I don't see it as money grabbing to be grateful for an inheritance. I have never been left money/ assets and never will be. I would, however, have been incredibly grateful if anyone had thought enough of me and had the means to remember me. Everything I have has been as a result of hard work, but an inheritance would have made life easier. And there is no way I would have shared it with my brother, who never bought a property but did manage to have 9 kids and whose wife was a SAHM.

JacknDiane · 14/01/2026 10:10

I think dh should leave it to you to decide the right thing to do.

TreadSoftlyOnMyDreams · 14/01/2026 10:11

caringcarer · 13/01/2026 23:43

Your inheritance, your choice. It's not your DH money.

But you will set a precedent for down the line.

Losingitalloveragain · 14/01/2026 10:12

Thi sis one of the worst ideas I have seen on here in a very long while. Only do it if you want to fall out with your brothers and resent thenm when they blow it all

Bulbsbulbsbulbs · 14/01/2026 10:14

It's a very difficult one.

When my husbands mum died we were absolutely skint, my husbands business had just gone bust leaving him with debt. He'd had to take a minimum wage job to get us through.

His sister has more than a million in the bank, no mortgage on 3 properties, been retired since she was 50.

The inheritance wasn't much but would have made the world of difference to us at the time but I know there is no way she would have considered letting us have her share. It was small change to her but it was rightly hers.

PoppyFleur · 14/01/2026 10:16

Things have always been equitable in my marriage so I couldn’t imagine making a decision like this without discussing with DH.

Starlight7080 · 14/01/2026 10:18

Satisfiedwithanapple · 14/01/2026 08:48

But like deciding the DH is ‘greedy’ really 🙄

What else is it when you are comfortable financially speaking and dont actually need the inheritance?
He hasn't worked for that money. Its not even from his family . He has put that money above his wife's wishes. And inturn put her in a awkward situation which over time may make her resent him.
So the money is essentially more important to him then how his wife feels about him and his lack of understand/empathy towards her siblings.

WonderingAboutThus · 14/01/2026 10:21

I would give it to my brothers.

I wouldn't think it was my mother's wish for me to have the money as such. I would think it's her wish to show us all we are equally loved.

It's literally none of your husband's business.

Everanewbie · 14/01/2026 10:22

Oh my goodness OP that is a big call. If my husband did that I would give serious thought to leaving him.

I suppose I'd need clarity over your wealth situation, and how much money we're talking. I suppose if you are have a net worth of £20million with a fair proportion of that being liquid (i.e. not property or businesses) and your brothers are struggling to rub two pennies together, then maybe you have a point.

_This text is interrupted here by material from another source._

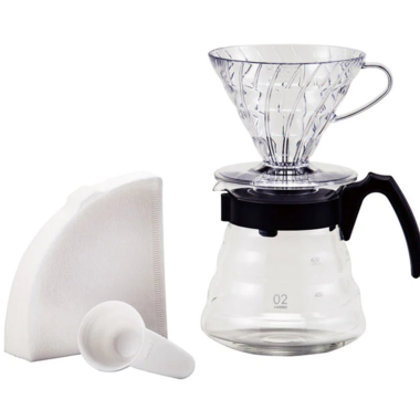 If you're looking to get started with coffee brewing, or know someone you'd like to get started with manual brewing (and maybe they have a birthday coming up), then this Hario starter set was made for you. This great value boxed set comes with a Hario V60-02 Clear Coffee Dripper, a Hario V60-02 Diner Coffee Server, and a 40-pack of white V60-02 filters. Oh, and there's a coffee measuring spoon so you don't even need to buy a scale... yet.

In my view, a marriage is a partnership and that means you make big decisions like this together. And to deprive your partnership of significant wealth without mutual agreement is a betrayal of that marriage.

Arrrggghhhhhhcommunicationfrustration · 14/01/2026 10:24

Firstly, so sorry for your loss.

If it was the other way round, would your dh make the decision without discussing it with you? Not a judgement either way, just something to consider.

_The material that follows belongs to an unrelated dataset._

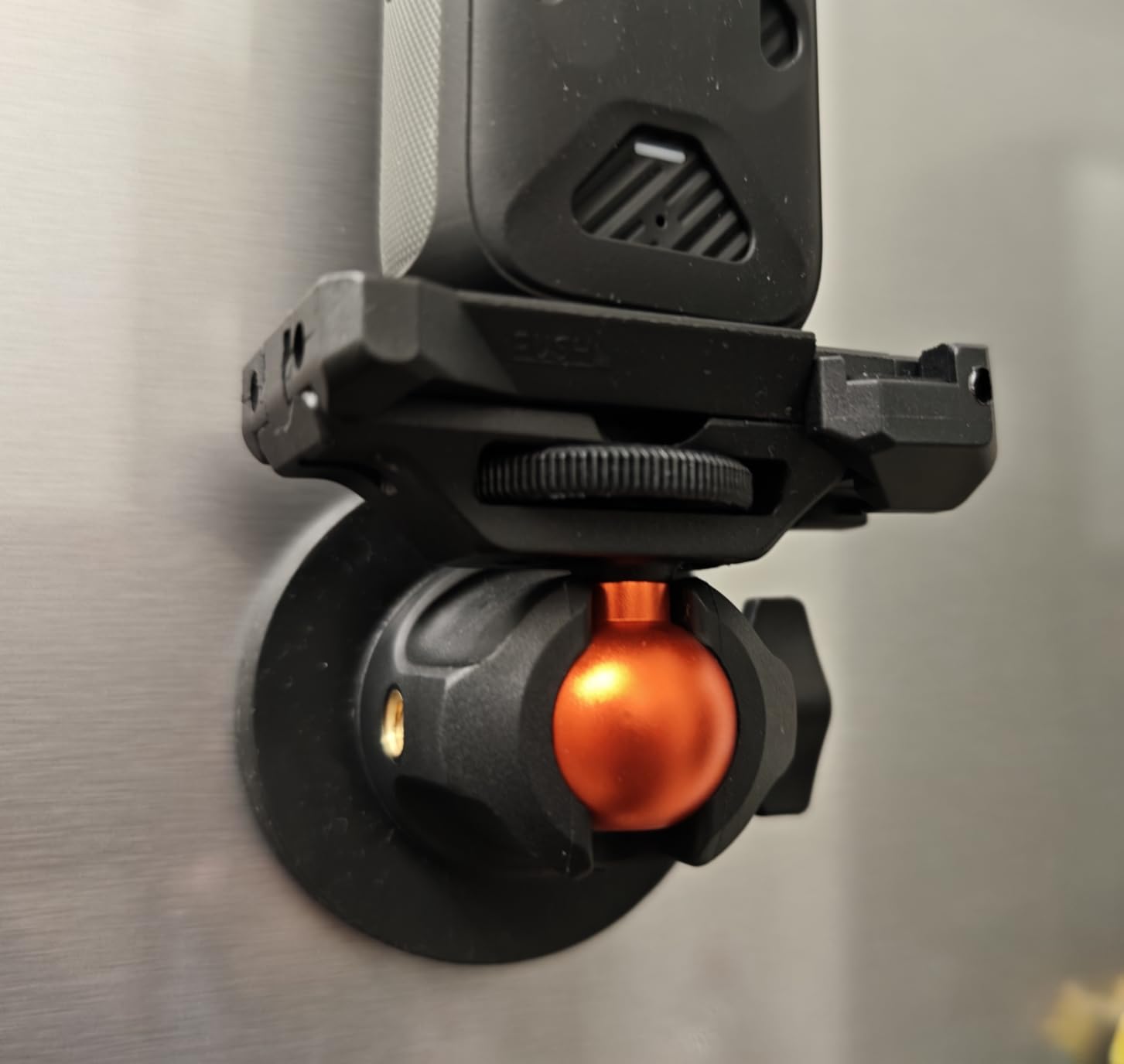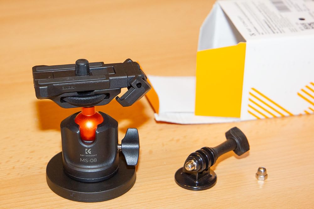 The ball head is very well made and makes a very sturdy impression. The parts are modular so that you can screw on both the magnetic plate and the action cam mount. The magnetic plate does a very good job and holds perfectly. I've attached my Insta360 cameras in several places and haven't had any problems yet. I am very satisfied with the overall package.

I would hold onto it for now. You don't have to decide now. Give yourself some breathing space.
Also, you never know when you'll need funds for something unexpected. Like you, I'm all for fairness with money regarding family but you have all been left an equal share. Also only you know the circumstances as to why your brothers are in a different financial position to you. They might even refuse it if you offered it anyway. Take care.

FerriswheelsKissesandLilacs · 14/01/2026 10:26

The way I see it, you're taking money out of your children's pockets and putting it into your brothers, and I'd feel exactly the same as your DH. Depending on how much money there is, this could pay for them to go to University without needing a loan, or cover a deposit on their first home, or buy a first car. You have no idea yet how tough their life will be.